Cet homme en bleu de chauffe de mécano, avec sa caisse à outils en bandoulière, qui s’introduit en 1943 dans la base sous-marine de Lorient, croise des soldats allemands, des officiers de la Kriegsmarine, des ouvriers des arsenaux, que fait-il ? Il vient rassembler des informations à transmettre aux Alliés : nombre et types de sous-marins, organisation des flottilles, système de défense, failles de la sécurité, épaisseur des murs, résistance des structures en béton. Cet homme qui, à l’occasion, transporte de la dynamite, qui est-il ?
Jean Cavaillès est philosophe. Mathématicien. Professeur. Reçu premier à l’École Normale Supérieure à 20 ans. Agrégé de philosophie à 24. Ses écrits sur la philosophie des sciences sont d’un abord ardu. Ils auront cependant une postérité indéniable auprès d’un grand nombre d’intellectuels – entre autres Derrida, Althusser, Ricoeur, Foucault, Canguilhem bien sûr – et continuent d’influencer la pensée d’aujourd’hui.

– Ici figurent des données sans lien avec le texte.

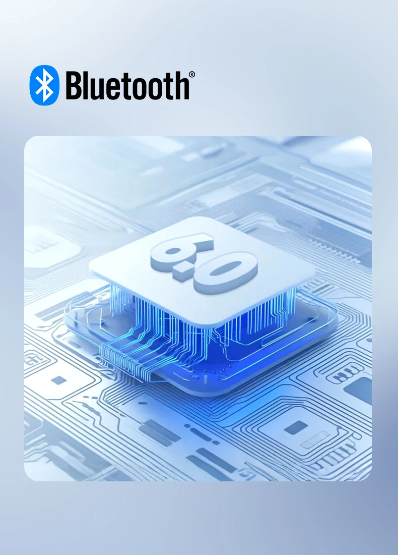 Bluetooth® A tecnologia V6.0 fornece velocidades de transmissão mais rápidas, baixo consumo de energia e uma conexão estável.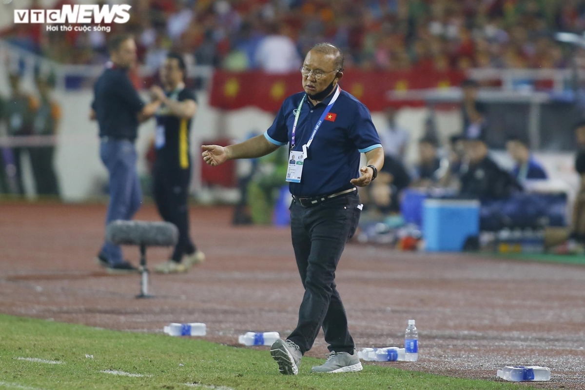 Bên ngoài sân, HLV Park Hang Seo vẫn đứng ngồi không yên.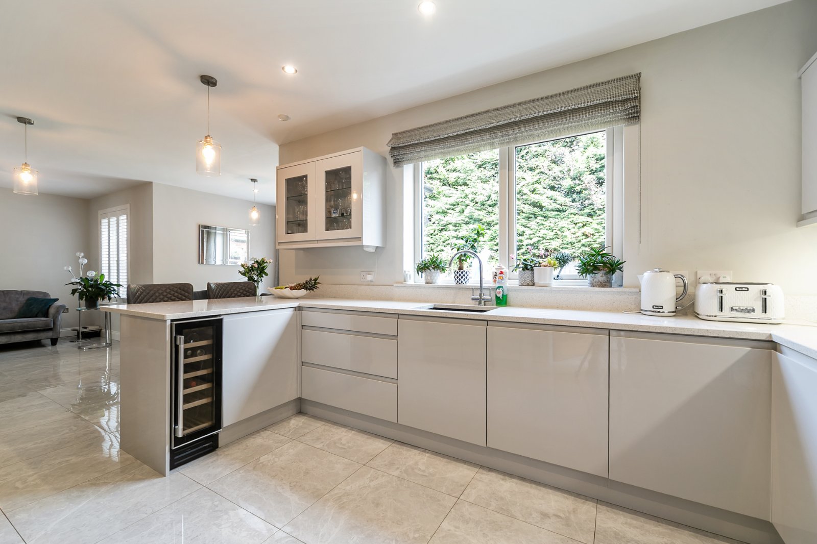Spotlighting, tiled floor, range of high and low units, 1.5 inset composite sink with mixer taps, quartz worktops, 5 ring gas hob, glass and stainless steel extractor fan. Double electric oven, integrated dishwasher, pull out bin, space for American fridge freezer, space for wine fridge, double uPVC doors leading outside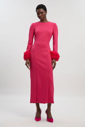 Scuba Drama Tulle Detail Cuff Woven Midi Dress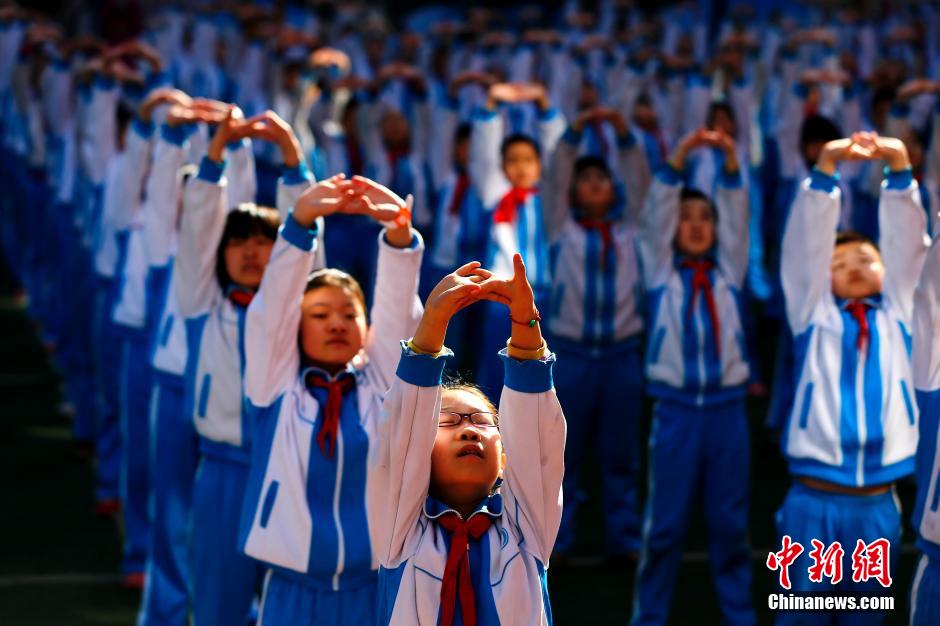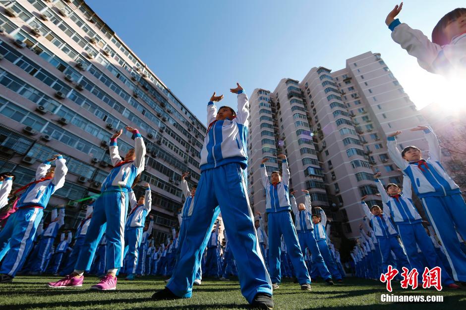 3月6日,北京交大附小的同学们在课间操时间练习养生气功八段锦。中新社发 富田 摄

À la déclaration de guerre, Jean Cavaillès est mobilisé comme lieutenant de corps francs et se signale déjà par la hardiesse des coups de main qu’il monte derrière les lignes ennemies. Fait prisonnier en juin 1940, il entend un officier allemand lui jeter : « Vous avez tenu moins longtemps que la Pologne»; un vieux paysan l’apostrophe : « Nous, à l’autre guerre, nous ne nous étions pas rendus ». Il s’évade, tente de se réfugier à l’université de Lille et d’y trouver un moyen de continuer la lutte. Un professeur lui déclare : « Évadé ? Mais Cavaillès, vous avez déserté ! » À l’aune de cette réflexion d’un haut dignitaire de l’université française, comment mieux comprendre le pourrissement quasi-général d’une époque, comment mieux ressentir « l’étrange défaite » ? Elle préparait, elle assurait Vichy, et toute la collaboration qui s’ensuivit dans une cohérence logique et diligente.
Agent des services secrets de la France Libre, Jean Cavaillès est un ami de Simone Weil et de Raymond Aron qu’il rencontre à Londres lors de ses visites au Général de Gaulle, qui apprécie la hauteur de vue du personnage. Cet intellectuel de grand renom refuse de « préserver son cerveau pour la France », il se bat les armes à la main et sait parfaitement qu’il finira par être pris. Arrêté par le contre-espionnage allemand en août 1943, il est interrogé par la Gestapo, torturé. Il ne parle pas, le réseau qu’il a fondé et dirige tiendra le reste de la guerre. Devant un tribunal militaire, Cavaillès reconnaît tous les faits qui lui sont reprochés, les siens seuls, qu’il justifie en citant les œuvres des philosophes allemands étayant sa pensée, celle d’une logique de la liberté consciente et de l’action contingente. Il stupéfie ses bourreaux. Il est condamné à mort et fusillé en février 1944. On retrouvera son corps à la libération sous une croix marquée « inconnu n° 5 ». Pour un matheux, « inconnu », c’est bien trouvé.
Ce petit livre, bel objet, beau papier, rassemble les discours que Georges Canguilhem a prononcés à la mémoire de Jean Cavaillès. L’auteur a tenté d’expliquer la raison de l’engagement tout entier de son ami dans la Résistance. Canguilhem nous dit : « Il y a dans la ténacité de Cavaillès quelque chose de terrifiant. C’est une figure unique. Un philosophe mathématicien bourré d’explosifs, un lucide téméraire, un résolu sans optimisme. Si ce n’est pas là un héros, qu’est-ce qu’un héros ? » « Parler de lui ne va pas sans quelque sentiment de honte, si on lui survit, c’est qu’on a fait moins que lui. Mais si on ne parle pas de lui, qui saura faire la différence entre cet engagement sans retenue, entre cette action sans ménagement d’arrières, et la Résistance de ces intellectuels résistants qui ne parlent tant d’eux-mêmes que parce qu’eux seuls peuvent parler de leur Résistance, tellement elle fut discrète ».
Vous ne prendrez pas ce livre dans vos mains pour y découvrir en détail la vie et l’œuvre de Jean Cavaillès, mais plutôt comme on considère une carte postale posée sur une étagère de sa bibliothèque, ou comme on acquiert un petit livret ramené d’une visite fortuite dans un discret musée de province. Ces cartes postales, ces fascicules d’exposition, ces ouvrages brefs sont d’humbles objets mais ils sont infiniment signifiants. Ils prennent très peu de place dans notre quotidien ; ils sont pourtant là, familiers et presque invisibles, présents tout le long de notre vie jusqu’à ce que nous aussi, nous partions.
Éric Desordre
La biographie de Jean Cavaillès « la plus sûre et la plus émouvante » a été écrite par sa sœur Gabrielle Ferrières : Jean Cavaillès, un philosophe dans la guerre, 1903-1944
Presses Universitaires de France, 1950. Réédition 2003 aux éditions Le Félin.